Following his dismissal by MGM, Keaton made a few films in Europe before returning to Hollywood to make a series of shorts for Educational Pictures and later for Columbia Pictures (after which Keaton vowed never to make "another crummy two-reeler" again). He was rehired by MGM in the late 1930s, this time as a gag writer, providing material for the Marx Brothers, Red Skelton and Laurel & Hardy. Keaton appeared in a cameo role in Sunset Boulevard (1950) and also had small roles in In the Good Old Summertime (1949) and Chaplin's Limelight (1952). He loved television and in the 1950s the medium revived his career and provided him with steady work, even with a tv show of his own (i.e. The Buster Keaton Show). Television also helped rekindle the interest of the public in Keaton's silent films. In 1959, Keaton received an Academy Honorary Award ("for his unique talents which brought immortal comedies to the screen”) and the Venice Film Festival also honoured him in 1965 for his contributions to the film industry.
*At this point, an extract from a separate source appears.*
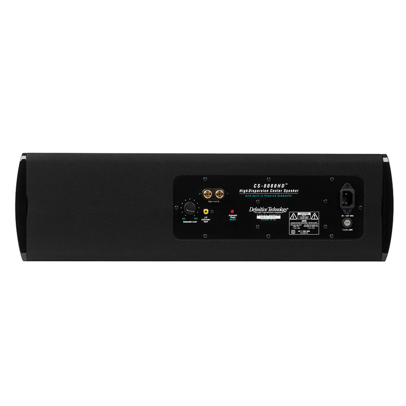 Definitive Technology CS-8080HD – полочная монополярная акустическая система с пассивным излучателем для центрального канала оснащена парой НЧ-динамиков диаметром 114.3 мм, выполненных по запатентованной технологии BDSS второго поколения. Она предусматривает двойной подвес диффузора басовика, с внешней и с внутренней сторон, за счет чего его перемещение получается максимально линейным, и эффективно подавляются паразитные резонансы. Между НЧ-динамиками располагается 25.4 мм пищалка с алюминиевым куполом, покрытым тончайшим слоем керамики. При изготовлении ВЧ-динамика купол проходит высокотемпературный отжиг, благодаря чему его механические свойства стабилизируются. Динамики подключены к простому разделительному фильтру, выполненному из качественных компонентов. Для подключения к усилителю используется одна пара позолоченных винтовых клемм.

Buster Keaton never again enjoyed the successes he had in the 1920s. The mid-1920s saw him at the height of his career, earning $3,500 a week while building a $300,000 house for his first wife, actress Natalie Talmadge. His descent into alcoholism and depression —after MGM had taken away his creative control— coincided with the crumbling of his marriage to Talmadge, which ended in divorce in 1932. By the mid-1930s, Keaton was broke (Talmadge having extravagantly spent his money) and filed for bankrupcy. While he would earn a decent living in the decades to come, unlike Charlie Chaplin and Harold Lloyd, Keaton didn't own the rights to his own films and never became a millionaire. Still, he was a content man —in 1940 he married his third wife, MGM dancer Eleanor Norris, to whom he remained happily married until his death in 1966— and looking back on his life said in 1960: "I think I have had the happiest and luckiest of lives. Maybe this is because I never expected as much as I got ... It would be ridiculous of me to complain. I count the years of defeat and grief and disappointment, and their percentage is so minute that it continually surprises and delights me."